Thomas James Denton Birtles (26 October 1886 – 13 January 1971)  was an English footballer who played in The Football League with Barnsley, and he was later a first-class cricketer who played for Yorkshire County Cricket Club between 1913 and 1924.

Football career
Born in Higham, Barnsley, Yorkshire, England, Birtles first played for Higham Town, and then at 17 years old, in the Football League for Barnsley in the 1903–04 season. After playing in the league for them for three seasons he moved to Southern League side Swindon Town where he made 39 appearances for Swindon in all competitions, scoring 8 goals. and Portsmouth. After his time at Portsmouth, Birtles returned to play in the league for Barnsley in 1910–11.
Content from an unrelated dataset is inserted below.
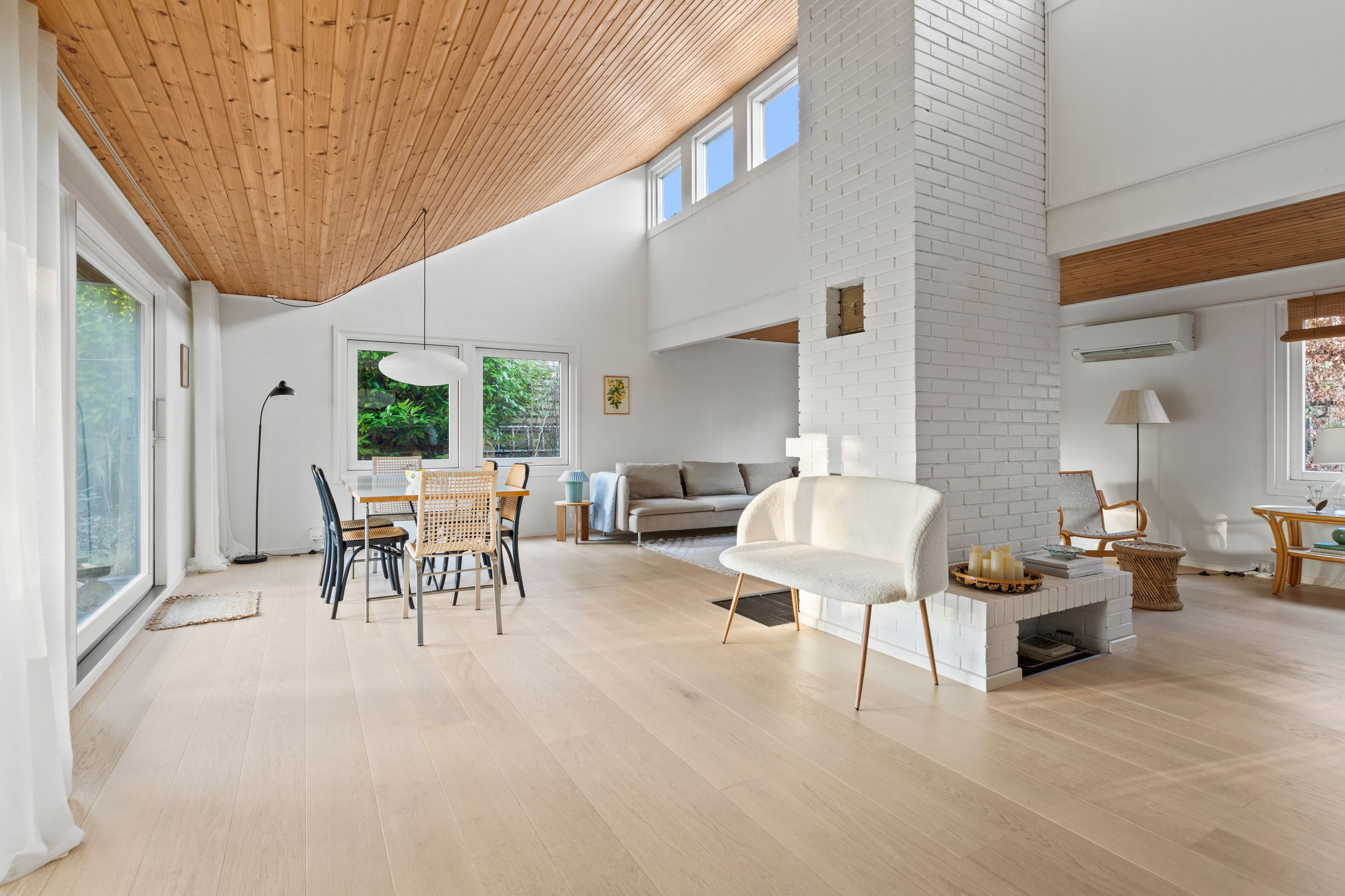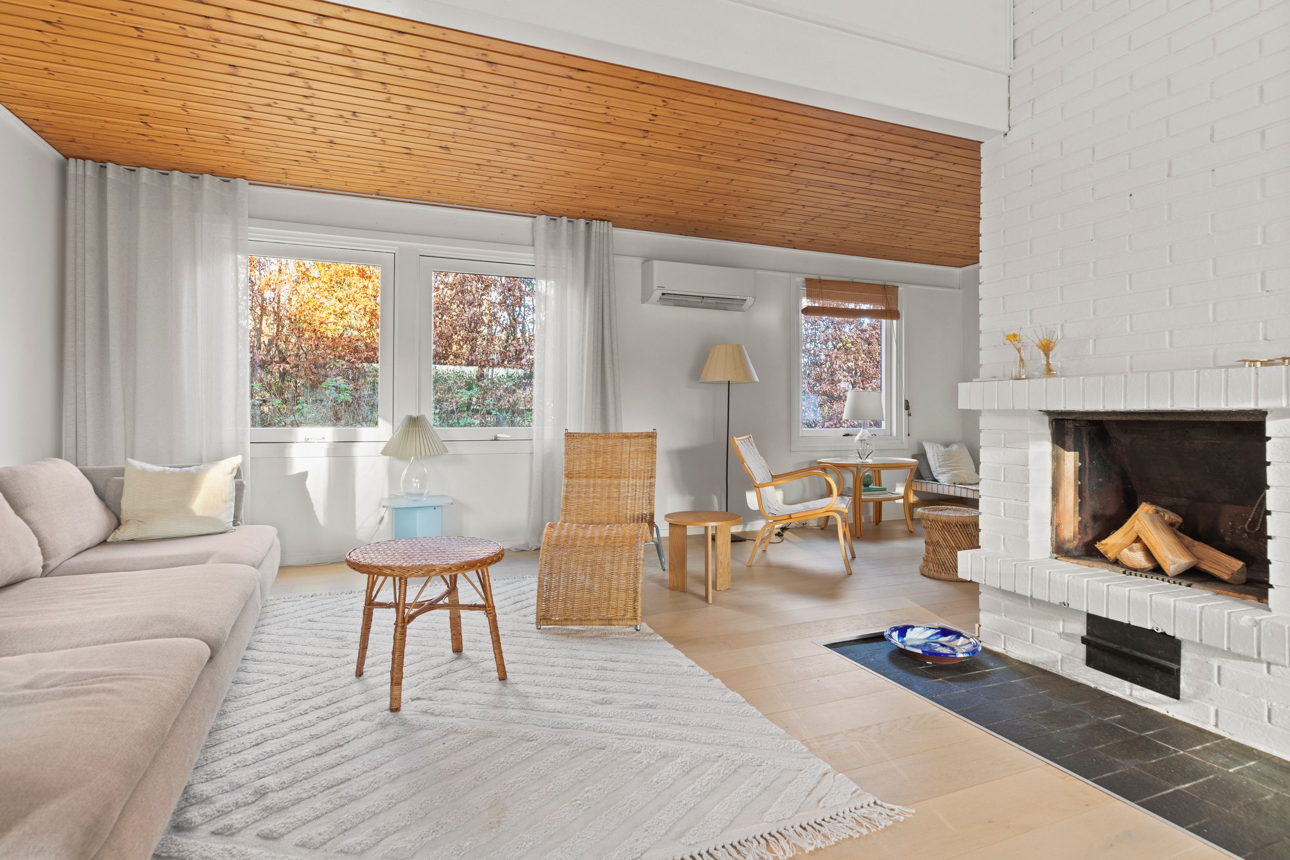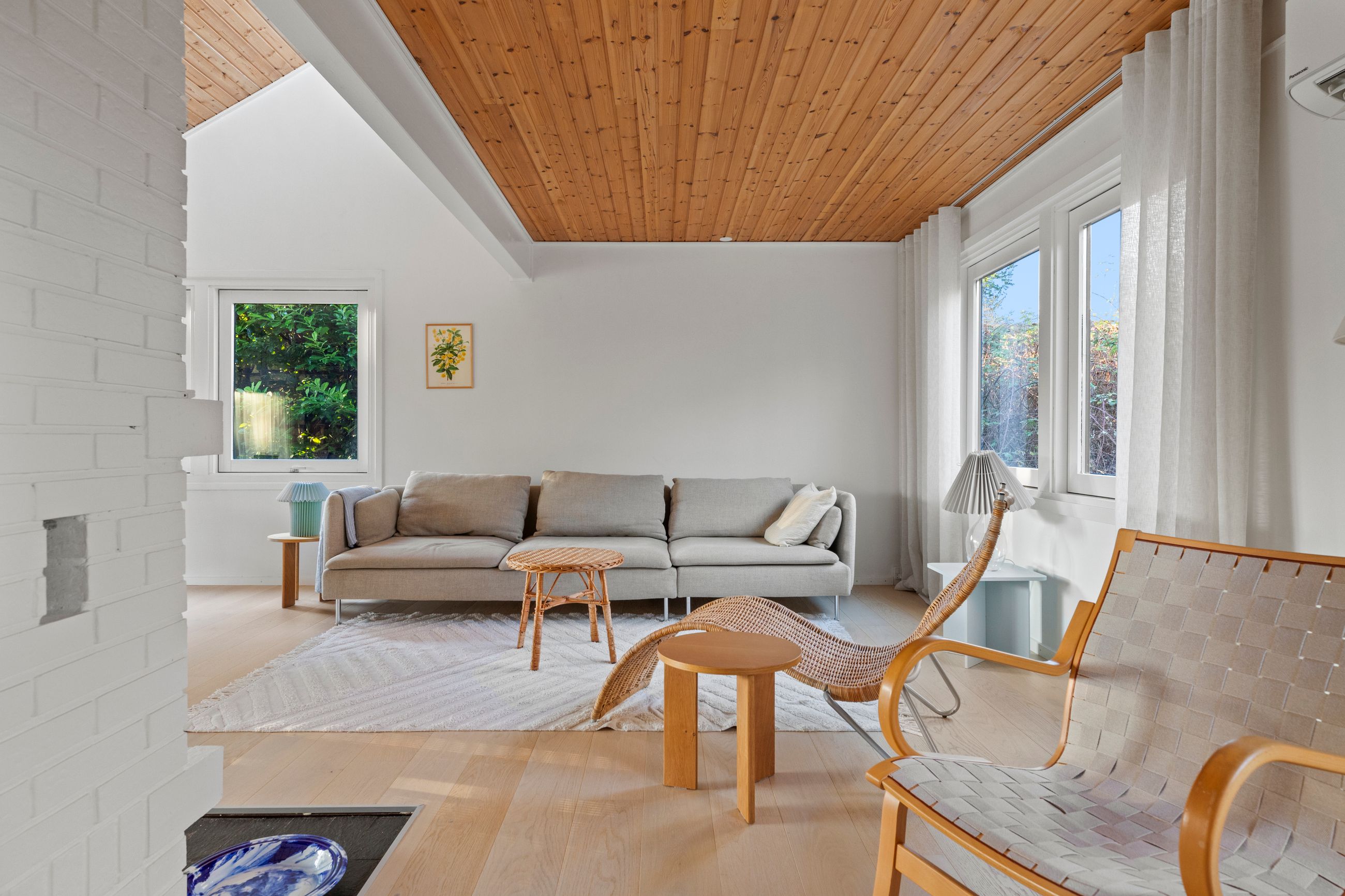 Sommerhuset på Drosselvej 27 er det synlige bevis på en arkitektkonkurrence i 1980. Det forklarer de 5 meter til loftet, himmellyset, de mange zoner i fællesrummet, pejsen som rumdeler og udnyttelsen af de 104 m2. Huset er renoveret i 2024 og lige til at flytte ind i. Grunden er på 836 m2 med sydvendt terrasse. Beliggenheden er én af de bedste i Dronningmølle. Naboen er Ruslands Bakker, altså det Rusland, hvor Rudolph Tegners Museum og Statuepark ligger. Det er et fredet landskab bevokset med lyng, enebær, fyrretræer og monumentale, dramatiske statuer. Et sælsomt syn. På en varm sommerdag kan man høre den lille drosselfugls sang som modsætning til Hornbæk og Gilleleje, hvor klipklapper og ispinde kan tælles i tusindvis.

Later, he played with Rotherham County, Northampton Town and finally at Doncaster Rovers, who were at that time in the Midland League.

Cricket career
He was a right-handed batsman who scored 876 runs at 19.04, with a best of 104 against Lancashire in the Roses Match played at Bramall Lane, Sheffield, in July 1914.  Promoted to open the innings in Yorkshire's second innings, his century was by far the highest score of a drawn match.  He also bowled six overs in his career without success.
  
He played for Barnsley Cricket Club for twenty years, and was also coach at Gresham's School, Holt, Norfolk.  In 1913, he headed the Yorkshire 2nd XI batting averages with 413 runs at 51.61.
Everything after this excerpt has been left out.